BEGIN

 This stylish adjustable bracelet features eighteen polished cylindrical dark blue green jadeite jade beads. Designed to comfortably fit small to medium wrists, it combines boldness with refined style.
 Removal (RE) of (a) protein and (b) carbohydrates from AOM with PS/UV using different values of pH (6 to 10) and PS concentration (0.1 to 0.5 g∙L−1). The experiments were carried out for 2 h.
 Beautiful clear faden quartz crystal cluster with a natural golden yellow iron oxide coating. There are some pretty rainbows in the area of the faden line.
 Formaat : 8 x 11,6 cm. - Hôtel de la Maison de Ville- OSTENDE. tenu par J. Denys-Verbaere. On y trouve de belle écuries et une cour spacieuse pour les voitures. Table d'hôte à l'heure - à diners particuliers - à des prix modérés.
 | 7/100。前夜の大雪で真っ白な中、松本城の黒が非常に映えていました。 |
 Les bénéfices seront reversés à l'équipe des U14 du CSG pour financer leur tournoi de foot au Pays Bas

END
BEGIN

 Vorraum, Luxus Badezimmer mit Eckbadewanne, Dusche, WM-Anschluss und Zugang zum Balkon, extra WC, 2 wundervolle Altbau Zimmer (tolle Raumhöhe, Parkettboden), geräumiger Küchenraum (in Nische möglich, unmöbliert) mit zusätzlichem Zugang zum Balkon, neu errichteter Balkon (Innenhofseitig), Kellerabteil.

END
BEGIN

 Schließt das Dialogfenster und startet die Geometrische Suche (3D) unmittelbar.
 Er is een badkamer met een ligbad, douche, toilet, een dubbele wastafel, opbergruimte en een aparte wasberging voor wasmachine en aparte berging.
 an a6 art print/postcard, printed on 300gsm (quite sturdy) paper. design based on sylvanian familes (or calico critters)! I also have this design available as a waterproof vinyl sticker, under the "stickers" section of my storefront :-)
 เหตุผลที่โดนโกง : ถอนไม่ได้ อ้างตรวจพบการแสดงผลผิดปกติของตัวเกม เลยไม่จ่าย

END

**ASSIGNMENT:**
Within the listing above, give again exactly every line from the line with "Formaat : 8" through the line with "Les bénéfices seront", both included, and no other line.

**YOUR SOLUTION:**
 Formaat : 8 x 11,6 cm. - Hôtel de la Maison de Ville- OSTENDE. tenu par J. Denys-Verbaere. On y trouve de belle écuries et une cour spacieuse pour les voitures. Table d'hôte à l'heure - à diners particuliers - à des prix modérés.
 | 7/100。前夜の大雪で真っ白な中、松本城の黒が非常に映えていました。 |
 Les bénéfices seront reversés à l'équipe des U14 du CSG pour financer leur tournoi de foot au Pays Bas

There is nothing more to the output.